Un video con susurros de sobornos sacude a la Fiscalía y expone debilidades del sistema; la pregunta es si el Poder Judicial sabrá aprovecharlo para deshilachar la madeja o si quedarán dudas que mancharán aún más la institución.

Una nueva película de intriga invade la escena pública: un video editado con precisión muestra a la madre de Pablo “El Chavo” Ferreyra entregando 12 millones de pesos en fajos a su defensor, Martín Castro, en Trelew. El supuesto destinatario del soborno, según el subtitulado, sería la fiscal Julieta Gamarra, a cambio de una pena mínima para “El Chavo”, reconocido por un prontuario.
La grabación, que vinculó también al procurador general Jorge Miquelarena y a su sobrino, el subsecretario de Seguridad Rodrigo Miquelarena, desató un estallido en los celulares y abrió una lluvia de preguntas. Gamarra, hoy al frente de la Unidad Anticorrupción, declaró en Tribunales que nunca pidió ni cobró coima; Castro reaccionó desmintiendo la versión y sostuvo que no dio ni recibió dinero para influir en la fiscal. Miquelarena afirmó no tener vínculo con el caso. Los tres quedaron a disposición del fiscal Omar Rodríguez para su investigación.
El material, grabado por la pareja de Ferreyra, plantea más interrogantes que certezas: ¿qué otros temas se discutieron en ese encuentro? ¿por qué la grabación salió a la luz 11 meses después? Ferreyra está libre desde enero; si su familia lo guardó, ¿por qué revelarlo ahora? ¿se cedió a un sector con intereses y recursos para difundirlo en medios nacionales?
Gamarra expresó que se trata de un ataque para desprestigiarla en un periodo de alta exposición pública, y Castro habló de una “operación” contra la fiscal y los Miquelarena. Según su versión, el dinero correspondía a honorarios que se pactaron en dólares y que la familia Ferreyra pagó en billetes de baja denominación; ese volumen explicaría parte del monto.

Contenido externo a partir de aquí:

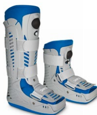
AirTraveler Walker Achill

Na szczególną uwagę zasługuje jedyny na rynku walker na kikut powstały po małej amputacji w obrębie przodostopia.
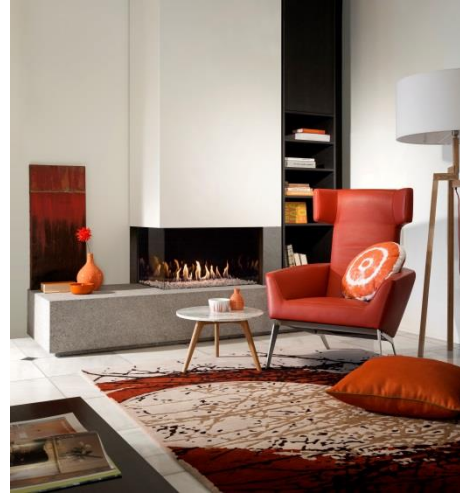
Fairo ECO-line 85, Eckmodell, linksstehend

Die Vorteile eines Gasfeuers – ein echtes Kaminfeuer ohne die Sorgen von Holzbeschaffung und Ofenreinigung – werden von immer mehr Menschen geschätzt. Ein einfacher Knopfdruck genügt und schon lodern die Flammen auf, züngeln im Kamin und heizen den Wohnraum im Handumdrehen. Hinzu kommt, dass die Brenndauer präzise eingestellt werden und sich so jedem Lebensrhythmus anpassen lässt.
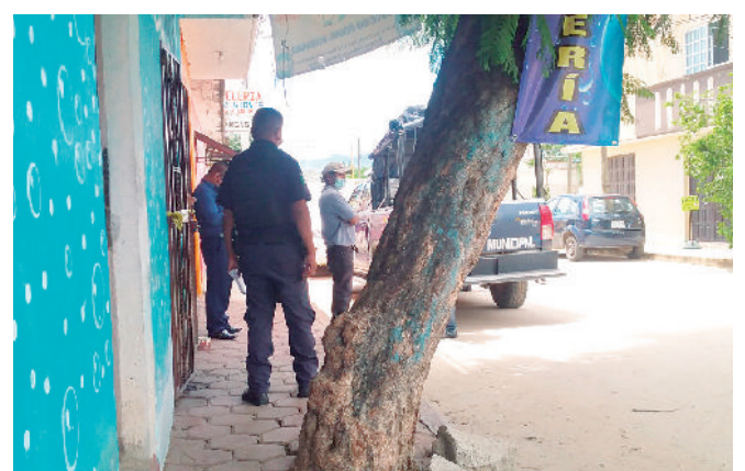
Policías acordonaron el área en la espera de la AEI.

Ellos creen que los problemas que tenía con su esposa, tras separarse, pudieron haber sido las causas de tal decisión.

Las declaraciones, que contienen más información de la difundida, sugieren que la pesquisa podría derivar en hallazgos inesperados para la Justicia y para la política. En Tribunales sostienen que la investigación podría expandirse más allá de Trelew y de los propios funcionarios.
La clave será la declaración de la persona que aparece como pagadora, ahora sin edición, para entender el camino de las imágenes desde su grabación hasta su difusión. Si la Justicia logra esclarecer ese trayecto y difundir públicamente cuál fue el camino crítico de las imágenes, podría preservar el buen nombre de algunos y complicar a otros que se mueven en las sombras.

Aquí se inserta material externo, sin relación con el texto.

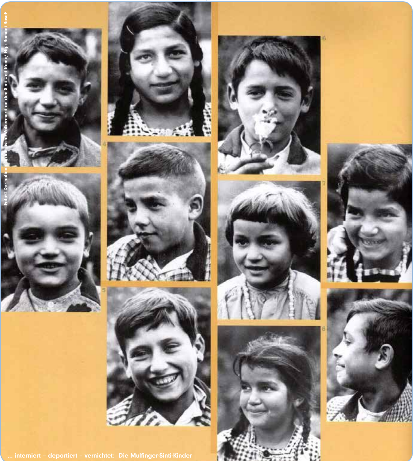
... interniert – deportiert – vernichtet: Die Mulfingener-Sinti-Kinder
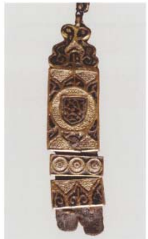
Figura 1. Fragmento de la cabezada de la «novia de serón». Museo Arqueológico Nacional.
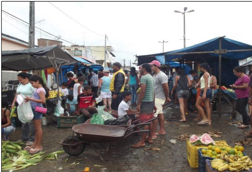
Figura 28- Meninos com carros de mão no corredor da feira. 2014.

Apesar do trabalho na feira ser cansativo, 100% dos feirantes com quem tive contato afirmaram gostar de ir à feira e acreditam que ela seja muito importante, afinal é de onde boa parte dos entrevistados consegue o dinheiro para sua sobrevivência. Segundo Neide:
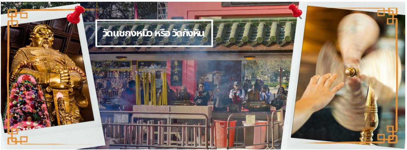
วัดแชกงหมิว หรือ วัดกังหัน

ล่ำลึกถึงตำนานแห่งนักรบราชวงศ์ซ่ง มีนามว่า “แช กง” แม่ทัพปราบศึก ผู้คนทั่วทุกดินแดนต่างยำเกรงในกำลังพลอันกล้าหาญแข็งแกร่งของแม่ทัพแชกง เป็นวัดเก่าแก่ที่มีความศักดิ์สิทธิ์มาก มีอายุกว่า 300 ปีตั้งอยู่ในเขต SHATIN มีประวัติเล่าต่อกันมาว่า ขณะที่แม่ทัพปราบศึก อยู่ที่นี่ ทุกแคว้นเขตแดนแผ่นดินใหญ่ ต่างก็ยำเกรงต่อกำลังพลที่กล้าหาญในกองทัพของท่าน ยามที่ออกรบเพื่อต้านข้าศึกศัตรูทุกทิศทาง ทุก ๆ ครั้ง ท่านใช้สัญลักษณ์รูปกังหัน 4 ใบพัดติดไว้ด้านหน้ารถศึกนำขบวนในกองทัพ เหล่าทหารกล้ามีความเชื่อว่าเมื่อพก พาสัญลักษณ์รูปกังหันนี้ไป ณ ที่ใด ๆ กังหันนี้จะช่วยเสริมสิริมงคล นำพาแต่ความโชคดี มีอำนาจเข้มแข็ง เสริมกำลังใจให้แก่กองทัพของท่าน ชื่อเสียงในการนำทัพสู้ศึกของท่านจึงเป็นตำนาน
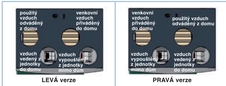
Obr. 1: Varianty

Paul Wärmerückgewinnung GmbH August-Horch-Str. 7, 08141 Reinsdorf, Německo
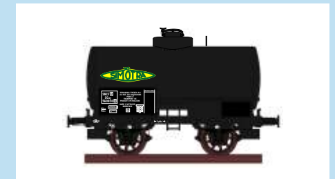
4528 Kesselwagen "SIMOTRA", SNCF, Ep. III Wagon citerne "SIMOTRA", SNCF, ép. III

Se presenta, pues, una oportunidad formidosa para deshilachar una posible “opereta” en una provincia con historia de maniobras similares. Si el expediente avanza sin visos de coartadas y sin que se pierda en una madeja de vericuetos, la mancha de los 12 millones podría transformarse en una historia de transparencia, no de escándalo permanente.
La lectura para la Justicia es clara: escuchar a todos, contrastar testimonios con datos y evitar que la institucionalidad se fracture. Si no se logra, el costo será alto: la percepción de privilegios y de una justicia politizada podría endurecerse. Y aunque no haya un delito comprobado, el episodio ya escribe una advertencia: la política judicializada es una moneda que seguirá circulando mientras persista la desconfianza.
En síntesis, este episodio representa una prueba de fuego para el Poder Judicial: ¿será capaz de generar anticuerpos y devolver la confianza, o quedará marcado como otra página de una novela provincial?